Across the United States, where nearly $2 billion is now being poured into IT software alone, Richtel sounded an alarm bell. “Schools are spending billions on technology, even as they cut budgets and lay-off teachers,” he declared, “with little proof that this approach is improving learning.” http://www.nytimes.com/2011/09/04/technology/technology-in-schools-faces-questions-on-value.html?pagewanted=all
Promoters of the headlong rush to digitize our schools got a jolt. There was, Larry Cuban told Richtel, “insufficient evidence to spend that kind of money. Period, period, period.” Cuban also “pooh-poohed” the “student engagement” argument for computers. “There is very little valid and reliable research that shows the engagement causes or leads to higher academic achievement,” he contended.

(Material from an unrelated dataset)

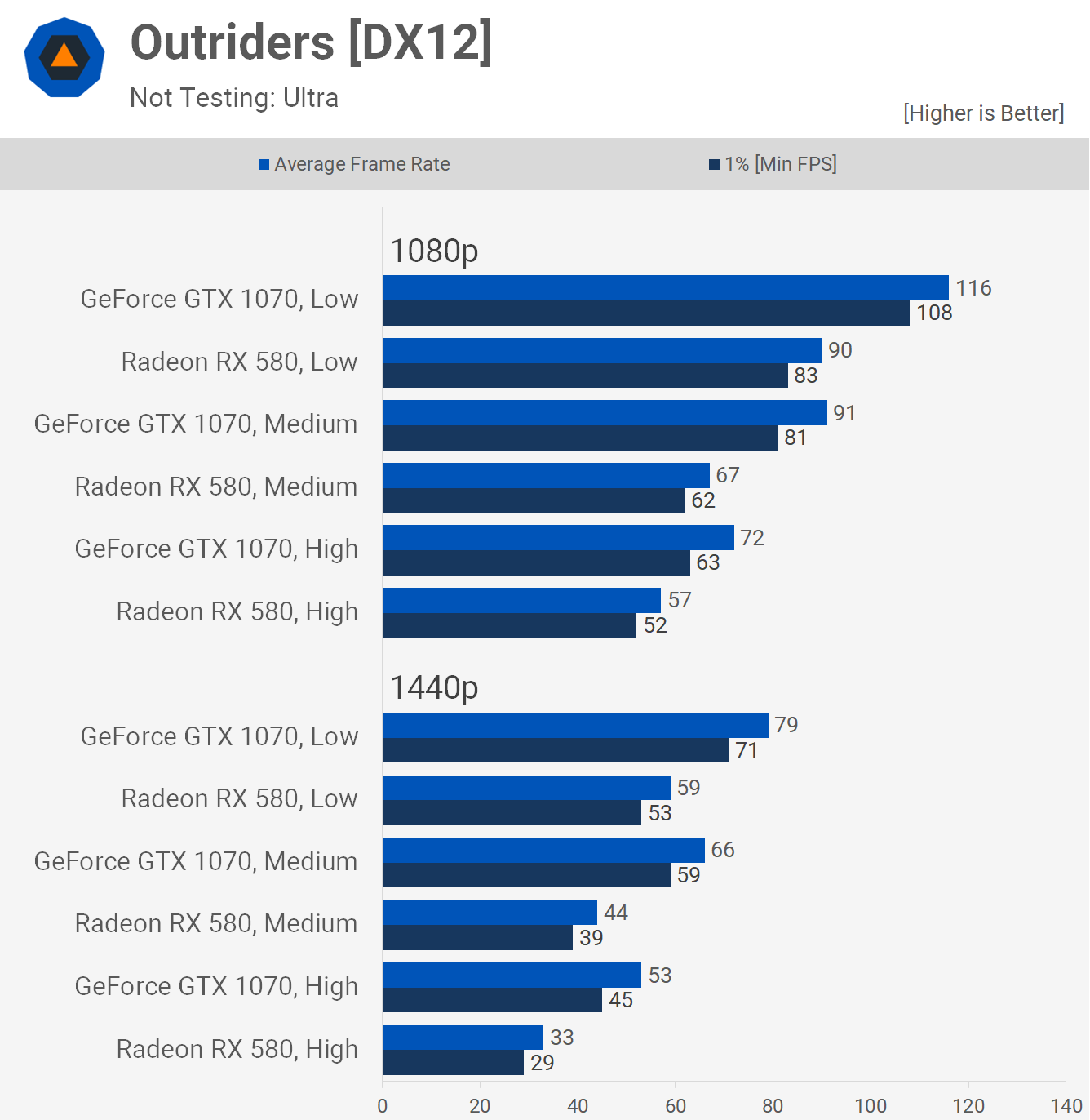 The GTX 1070 proves once again that it's still very capable of tackling the latest games, this time pushing well over 60 fps in Outriders using the high quality preset. Even at 1440p performance was good, 66 fps using medium was a great experience and even 53 fps with the high quality settings wasn't bad, it was also an impressive 61% performance increase over the RX 580.

Brave critiques of 21st century digital orthodoxy, such as Richtel’s feature article and Nicholas G. Carr’s 2010 book, The Shallows, perform a vital role in alerting us to the spell cast by the Net and to the perils of giving it free rein in our schools.
What should we make of the recent revelation? A Senior Fellow at the Thomas B. Fordham Institute, Peter Meyer, provided the best and most insightful answer. While Richtel covers most of the essential bases, he simply doesn’t grasp the significance of good, sound curriculum. In Educaton Gadfly, Meyer pointed out that Richtel – like the IT zealots–is slow to recognize the most critical element in education — the importance of knowledge.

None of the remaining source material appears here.